46. A method according to claim 40, wherein the double stranded DNA molecules are cloned into expression vectors under the control of a promoter selected from the group consisting of U6 snRNA, H1 and T7.

47. A method according to claim 46 wherein the double stranded DNA molecules are cloned into expression vectors under the control of a U6 snRNA promoter.

48. A method of preparing a library of expression vectors, expression of which produces double stranded RNA (dsRNA) molecules, the method comprising:

(i) preparing a library of double stranded DNA fragments;

(ii) ligating a double stranded DNA adaptor to each end of the DNA fragments from step (i), wherein the sequence of the DNA adaptor comprises at least four consecutive adenosine nucleotides at the 3′ end; and

(iii) cloning the double stranded DNA from step (ii) into an expression vector between two convergent promoters.

49. A method according to claim 48 wherein the library of double stranded DNA fragments is prepared by digestion of DNA.

50. A method according to claim 49 wherein the DNA is a gene.

51. A method according to claim 49 wherein the DNA is a genome.

52. A method according to claim 49 wherein the DNA is a cDNA library.

53. A method according to claim 49, wherein the digestion is with DNAseI.

54. A method according to claim 48, wherein the double stranded DNA molecules are cloned into expression vectors under the control of a promoter selected from the group consisting of U6 snRNA, H1 and T7.

55. A method according to claim 54 wherein the double stranded DNA molecules are cloned into expression vectors under the control of a U6 snRNA promoter.

56. A method of producing a library of DNA molecules wherein mRNA transcribed from the DNA molecules forms hairpin (hRNA) molecules, the method comprising:

(i) preparing a pool of mRNA;

(ii) adding an enzyme to the pool of mRNA, wherein the enzyme reverse transcribes the mRNA to form cDNA and degrades the mRNA;

(iii) allowing the cDNA from step (ii) to form a hairpin loop;

(iv) synthesizing a second strand using the hairpin loop as a priming point for reverse transcriptase;

(v) denaturing the DNA from step (iv) to form single stranded DNA; and

(vi) adding DNA polymerase to synthesize double stranded DNA thereby producing a library of double stranded DNA molecules.

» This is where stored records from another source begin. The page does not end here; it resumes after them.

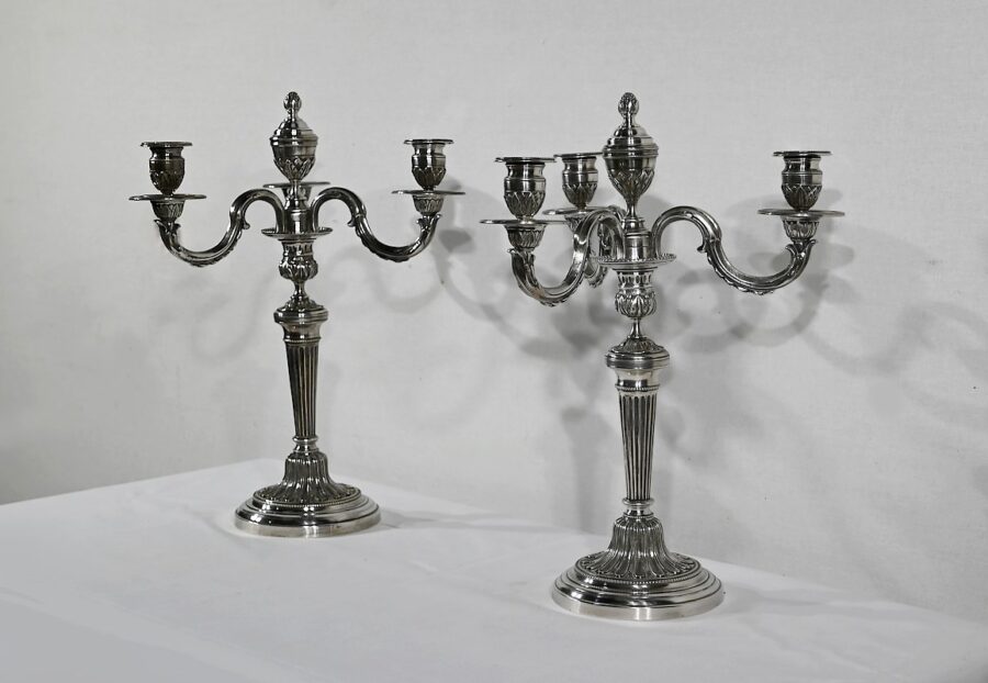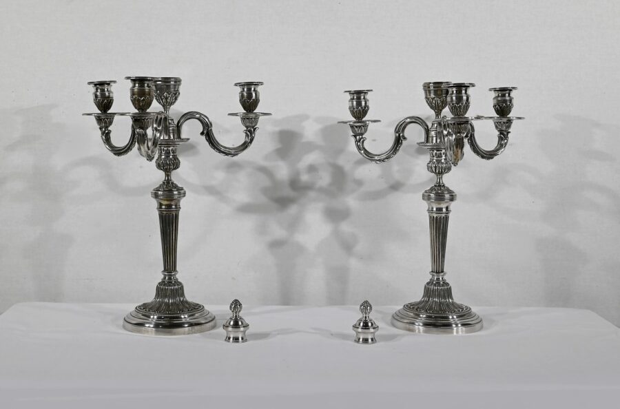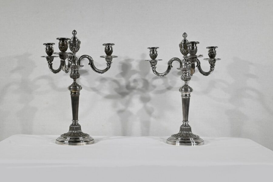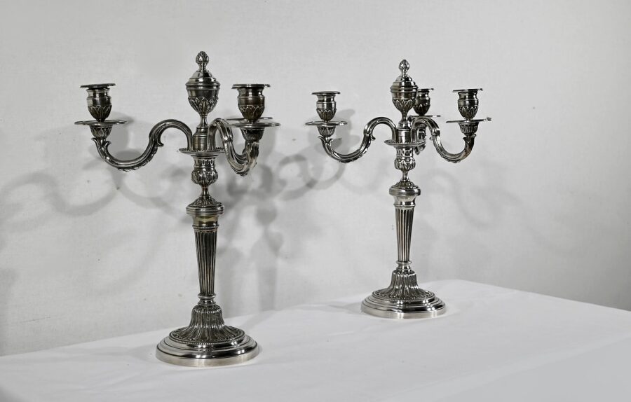 Paire de Chandeliers en Bronze Argenté – Fin XIXe
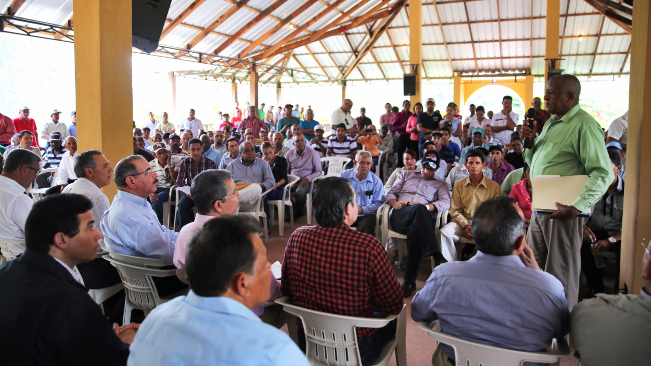 Juan Ignacio Jiménez, presidente de la Asociación de Agricultores Don Santo Carrasco, expuso al presidente Danilo Medina que necesitan apoyo para iniciar un proyecto de ganadería ovina, cuya institución cuenta actualmente con 109 socios.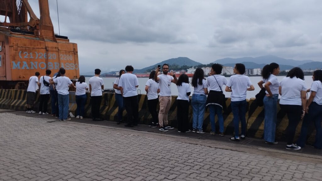 Em seguida, visitamos o próprio Porto de Santos, uma visão imponente de contêineres gigantes, navios de todas as partes do mundo e a movimentação incessante de cargas. Ouvir os sons dos guindastes, observar a dança coreografada dos trabalhadores portuários e sentir a energia vibrante do local foi algo que ficará gravado em nossas memórias para sempre.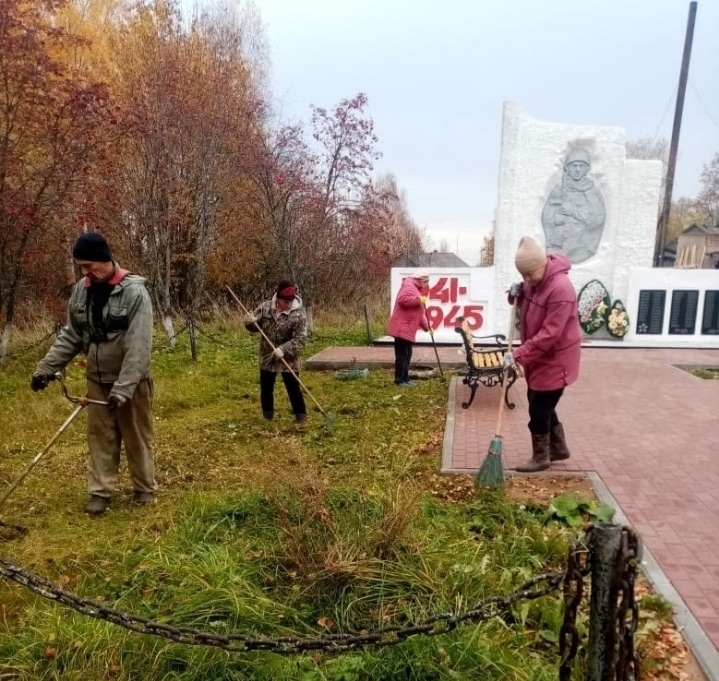 Ветераны первичнойветеранской организации деревни Первые Бобровы Даровского района 10 октября провели очередной субботник по наведению чистоты и порядка в своей любимой деревне. Вооружившисьтриммерами, метлами, граблями ветеранынавели порядок на территории у памятника воинам-землякам, погибшим в годы Великой Отечественной войны и у сельского Дома культуры.

57. A method according to claim 56 wherein the enzyme of step (ii) is AMV reverse transcriptase.

58. A method according to claim 56, wherein the double stranded DNA molecules are cloned into expression vectors under the control of a promoter selected from the group consisting of U6 snRNA, H1 and T7.

59. A method according to claim 58 wherein the double stranded DNA molecules are cloned into expression vectors under the control of a U6 snRNA promoter.